WORK REQUIRED:
Starting at the line holding "Председник Александар Вучић" and finishing at the line holding "Lors du gala", transcribe the material exactly, keeping both ends but no pictures.
----
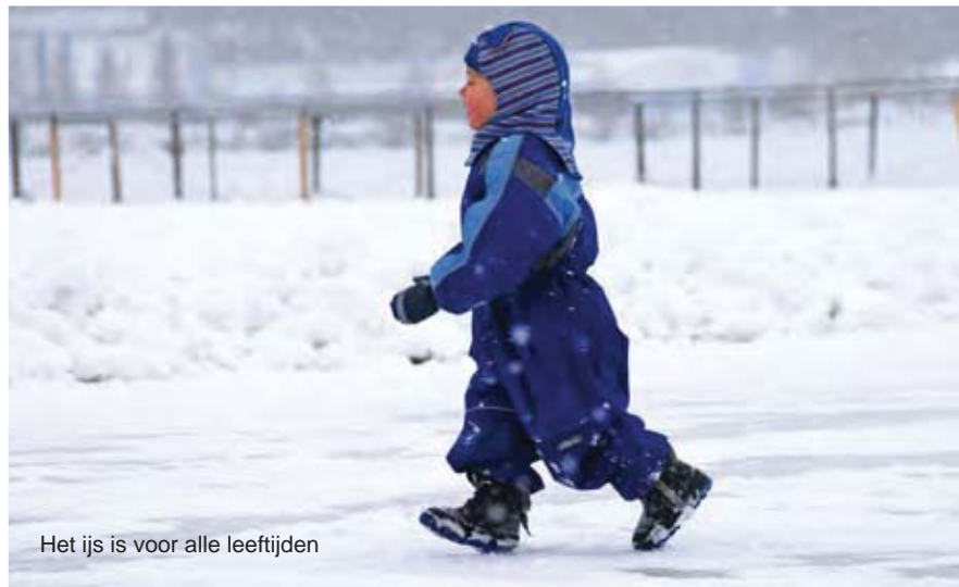
Het ijs is voor alle leeftijden
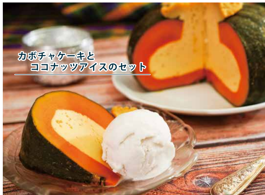
カボチャケーキと ココナッツアイスのセット
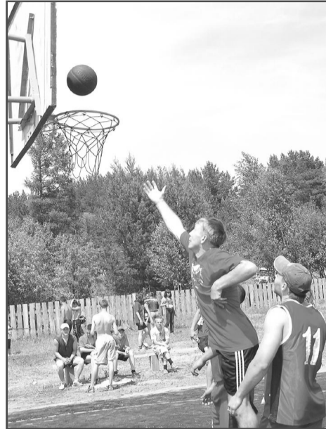
Мяч в корзине, гол забит!
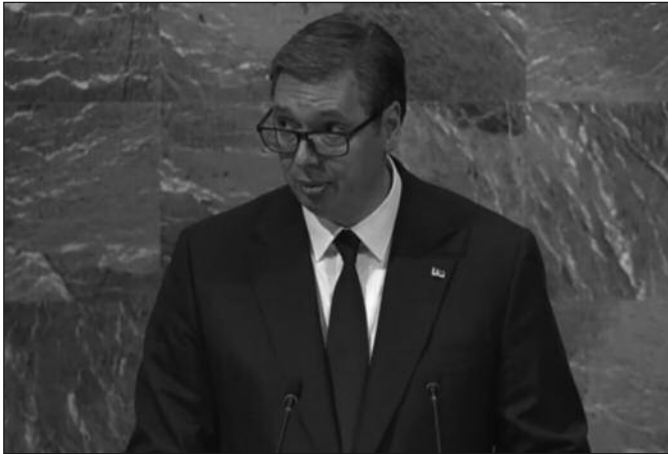
Председник Александар Вучић говори на заседању Генералне скупштине УН

Београд овај процес води у веома комплексним околностима у којима је присутан хибридни рат и прљава кампања у делу међународне јавности против наше земље на различитим пољима. Довољно је да вас само подсетим на цитате и наводе светских медија да ће Србија напасти своје суседе и да представља претњу по регионалну стабилност. Наравно, то се никада није догодило, и то је била само једна у низу бројних лажи против Републике Србије, истакао је председник Србије.
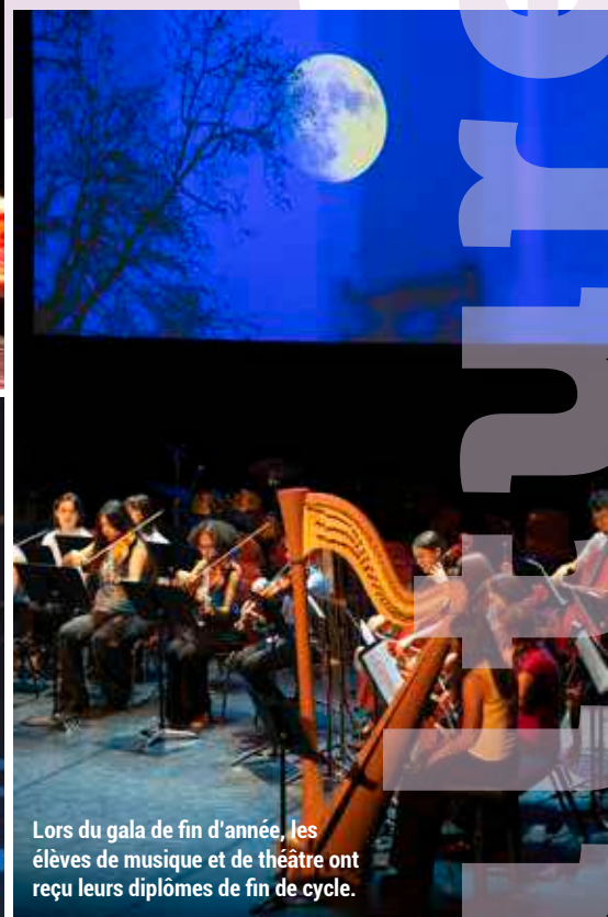
Lors du gala de fin d'année, les élèves de musique et de théâtre ont reçu leurs diplômes de fin de cycle.

C'est un moment que les élèves du conservatoire municipal Henri Dutilleux attendent chaque année avec impatience – et une pointe d'appréhension ! Tout au long du mois de juin, les élèves de chant, de danse et de musique ont en effet investi la scène du théâtre Claude Debussy, dévoilant au public maisonnaï des spectacles inédits. Les élèves de danse contemporaine de Jeanne Perez ont ainsi inauguré cette série de spectacles, avec une interprétation dansée des Fables de La Fontaine . Après
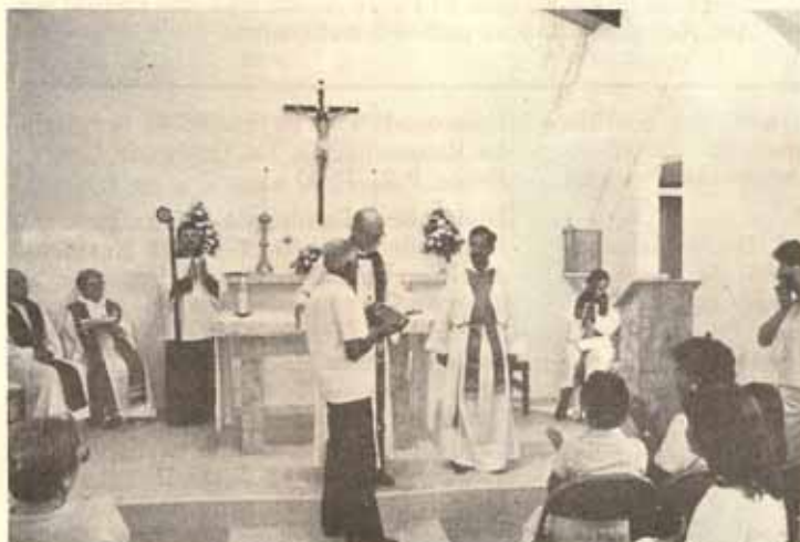
Bendición en la reconstrucción Iglesia La Anunciación, Bo. Rancheras, Yauco.
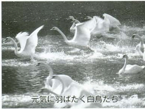
元気に羽ばたく白鳥たち

昭和三十二年七月七日に、第一陣のコブ白鳥がオランダロッテルダム市シンブルグ動物園から迎えられて、祝福のパレードで常盤池に放たれた、以後ドイツから更に白鳥を、オーストラリアからは黒鳥が迎え入れられた。 自家繁殖して五〇〇羽にも達したこともあり、白鳥の親子が遊ぶ当たり前の姿が寂しい風景に様変わりした。
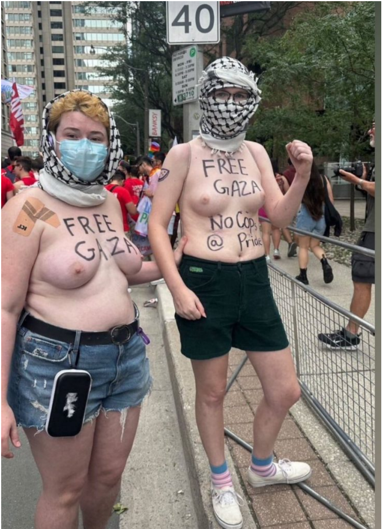
Cette photo de juillet est un signe de la folie des temps: des femens en train de manifester seins nus pour le Hamas...
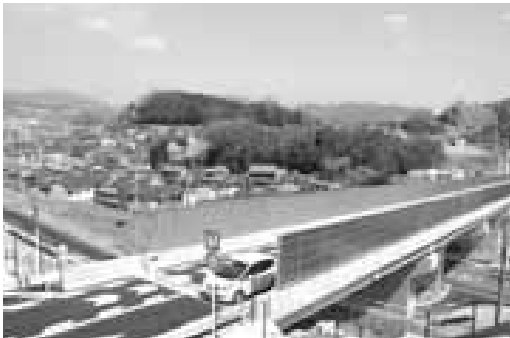
▲王寺香芝線が全区間開通し利便性が向上しました
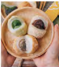
餡包麻糬(8個) 推薦價150

著名排隊伴手禮，使用在地濁水溪米、古法製作Q彈不黏牙麻糬。特色為「DIY沾麻糬」搭配特製花生粉，深受喜愛。
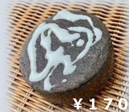
フォンダンショコラ
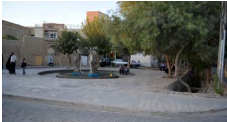
شکل ۱۱ تا ۱۴: تصاویری از مرکز محله سنگ‌تراش‌ها
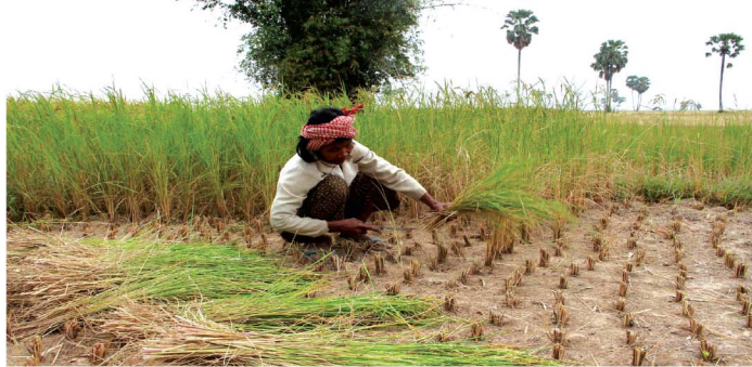
ការពង្រឹងស្មៅ បានធ្វើឱ្យកសិករបង្កើនចិត្តច្រូតស្រូវមកធ្វើជាចំណីសត្វ

កម្ពុជាជាប្រទេសអភិវឌ្ឍន៍តិចតួច និងមានសមត្ថភាពបន្តទាប ពោលគឺងាយរងគ្រោះបំផុតពីការប្រែប្រួលអាកាសធាតុ។ នៅក្នុងរយៈពេល ២០ ឆ្នាំ (១៩៨៧-២០០៧) កម្ពុជាបានរងគ្រោះដោយទឹកជំនន់ធ្ងន់ធ្ងរ ចំនួន១២ លើកដែលបានសម្លាប់មនុស្ស ១.១២៥នាក់ និងបង្កការខូចខាត មានតម្លៃជាទឹកប្រាក់ ៣២៧លានដុល្លារ។ លើសពីនេះគ្រោះរាំងស្ងួត ៥លើក បានកើតឡើងក្នុងតំបន់នានានៃផ្ទៃប្រទេស បានប៉ះពាល់ដល់ ប្រជាជន៦,៥លាននាក់ ដោយខូចខាតជាទឹកប្រាក់សរុប ១៣៨លាន ដុល្លារ (SNC, 2012)។ ព្យុះកេតសណាណៅឆ្នាំ២០០៩ បានសម្លាប់ ប្រជាជនចំនួន៤៣នាក់ និងបង្កការខូចខាតជាទឹកប្រាក់១៣២លានដុល្លារ (NCDM, 2010)។ នៅឆ្នាំ២០១១ គ្រោះទឹកជំនន់បានសម្លាប់ ប្រជាជន២៥០នាក់ និងបង្កការខូចខាតជាទឹកប្រាក់៥២០លានដុល្លារ (NCDM, 2011)។ ជំនន់ទឹកភ្លៀង និងទន្លេមេគង្គឆ្នាំ២០១៣បណ្តាល ឱ្យមានមនុស្សស្លាប់១៦៨នាក់ និងប៉ះពាល់ដល់ការរស់នៅរបស់ ពលរដ្ឋសរុបប្រមាណ ១,៨លាននាក់ (NCDM, 2013)។
----
RESPONSE AREA:
Председник Александар Вучић говори на заседању Генералне скупштине УН

Београд овај процес води у веома комплексним околностима у којима је присутан хибридни рат и прљава кампања у делу међународне јавности против наше земље на различитим пољима. Довољно је да вас само подсетим на цитате и наводе светских медија да ће Србија напасти своје суседе и да представља претњу по регионалну стабилност. Наравно, то се никада није догодило, и то је била само једна у низу бројних лажи против Републике Србије, истакао је председник Србије.
Lors du gala de fin d'année, les élèves de musique et de théâtre ont reçu leurs diplômes de fin de cycle.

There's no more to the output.